:: Problem ::
Could you copy every record exactly, leaving the pictures behind?
(Records supplied Opens)
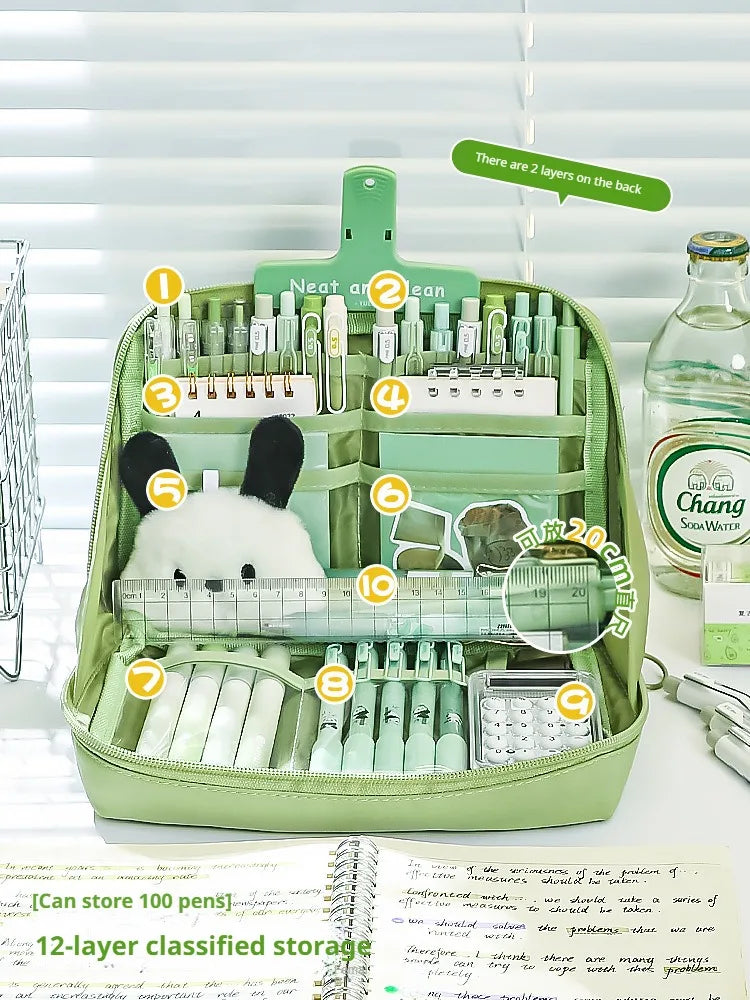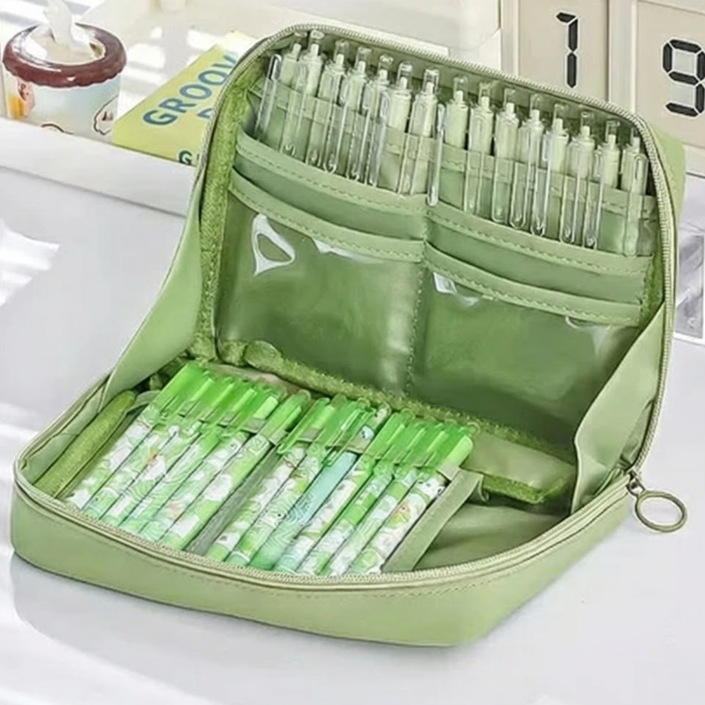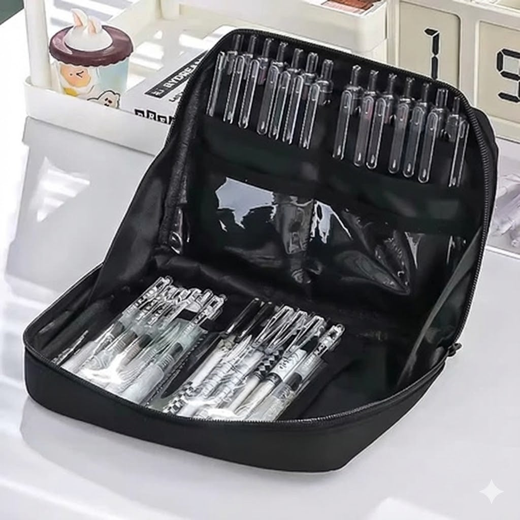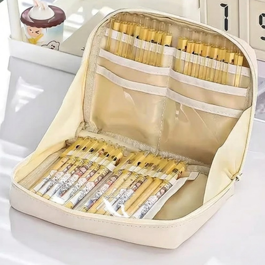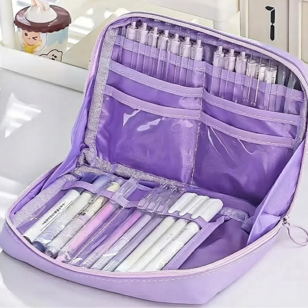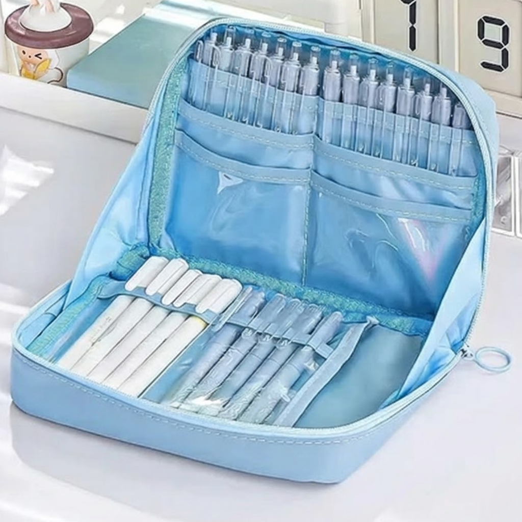 Grande capacidade = canetas, lápis, borracha, régua, adesivos... TUDO organizado!
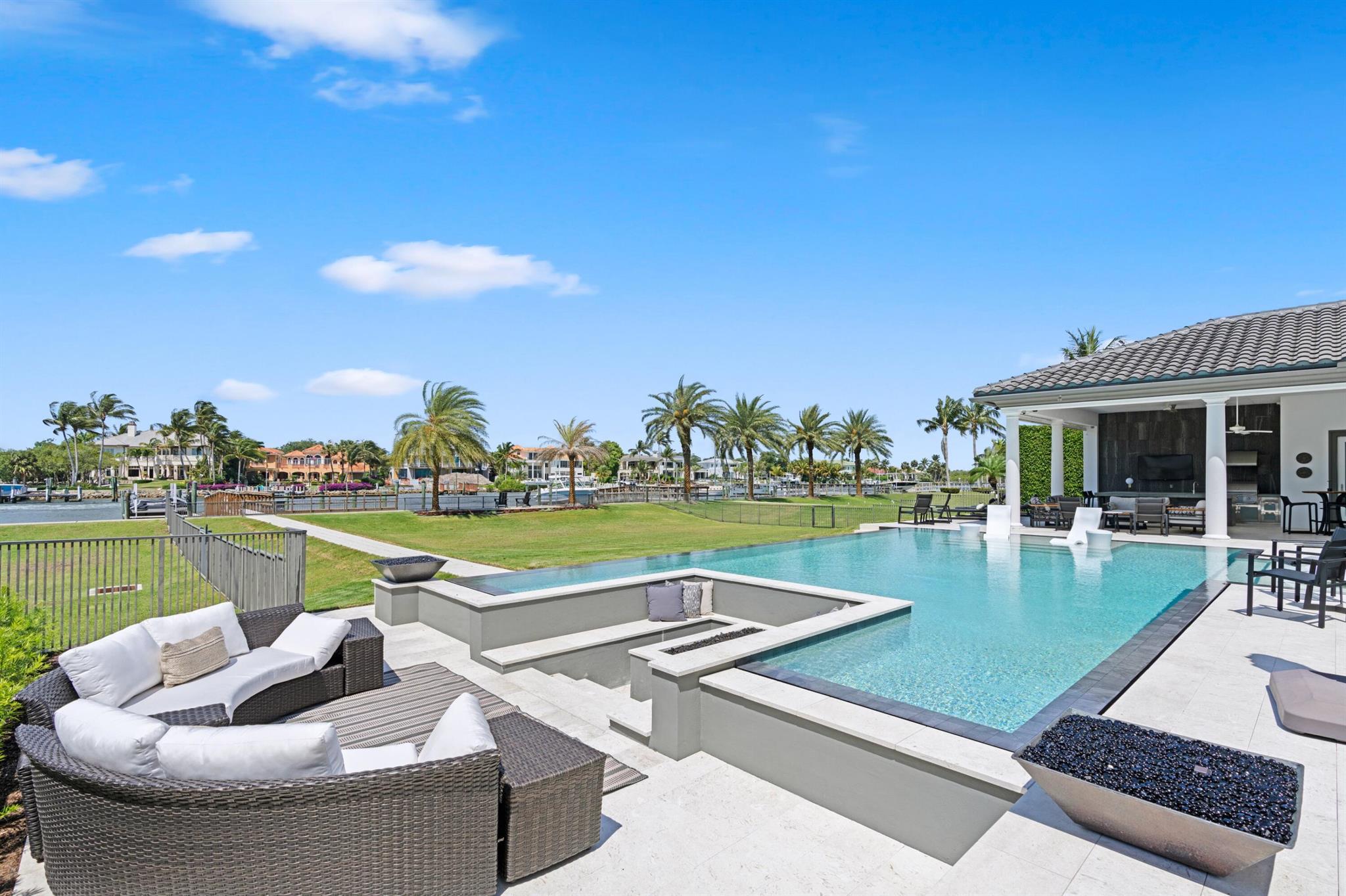 A Boater’s Paradise! Fantastic custom-built luxury home in exclusive community of Frenchman’s Harbor. With over 100′ of direct intracoastal water frontage, this home has a dock that can accommodate up to a 70′ boat and a new 4 jet ski lift and platform. The backyard was completely renovated in Nov 2023 with a brand-new pool, Jacuzzi, and fire pit. New outdoor deck and lush landscaping, this backyard is perfect for entertaining. No detail was overlooked in this modern, luxury home. 7 full bedrooms, 7 full bathrooms, 2-1/2 baths, a private elevator, heated lanai, outdoor kitchen, and 3-car air-conditioned garage. Accepting Backup offers.
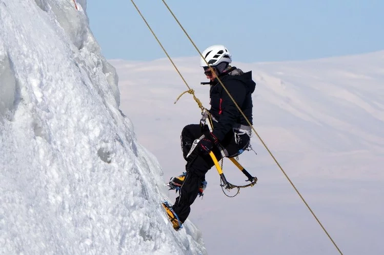 The ice climbing wall at Palandöken Ski Center, which boasts the world's longest and steepest ski slopes, is attracting the interest of enthusiasts. Those who want to experience ice climbing on snow have the opportunity to do so in Palandöken. The artificial ice park, 30 meters high and 150 meters wide, located at the Palandöken Ski Center in Erzurum, offers adrenaline enthusiasts unforgettable moments. The artificial ice park at Palandöken Ski Center, known as the "shining star" of winter tourism, is particularly popular among adrenaline junkies interested in ice climbing.
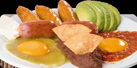 Dos huevos al gusto, plátano maduro frito, mantequilla, queso crema, frijoles fritos o rancheros tortillas de maíz o pan de tu elección y salsa ranchera.
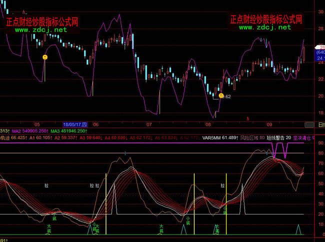 指导线:重心+GAO*(RSI-0.5),COLORMAGENTA,LINETHICK1;
(Records supplied Closes)
:: Solved problem ::
 Grande capacidade = canetas, lápis, borracha, régua, adesivos... TUDO organizado!
 A Boater’s Paradise! Fantastic custom-built luxury home in exclusive community of Frenchman’s Harbor. With over 100′ of direct intracoastal water frontage, this home has a dock that can accommodate up to a 70′ boat and a new 4 jet ski lift and platform. The backyard was completely renovated in Nov 2023 with a brand-new pool, Jacuzzi, and fire pit. New outdoor deck and lush landscaping, this backyard is perfect for entertaining. No detail was overlooked in this modern, luxury home. 7 full bedrooms, 7 full bathrooms, 2-1/2 baths, a private elevator, heated lanai, outdoor kitchen, and 3-car air-conditioned garage. Accepting Backup offers.
 The ice climbing wall at Palandöken Ski Center, which boasts the world's longest and steepest ski slopes, is attracting the interest of enthusiasts. Those who want to experience ice climbing on snow have the opportunity to do so in Palandöken. The artificial ice park, 30 meters high and 150 meters wide, located at the Palandöken Ski Center in Erzurum, offers adrenaline enthusiasts unforgettable moments. The artificial ice park at Palandöken Ski Center, known as the "shining star" of winter tourism, is particularly popular among adrenaline junkies interested in ice climbing.
 Dos huevos al gusto, plátano maduro frito, mantequilla, queso crema, frijoles fritos o rancheros tortillas de maíz o pan de tu elección y salsa ranchera.
 指导线:重心+GAO*(RSI-0.5),COLORMAGENTA,LINETHICK1;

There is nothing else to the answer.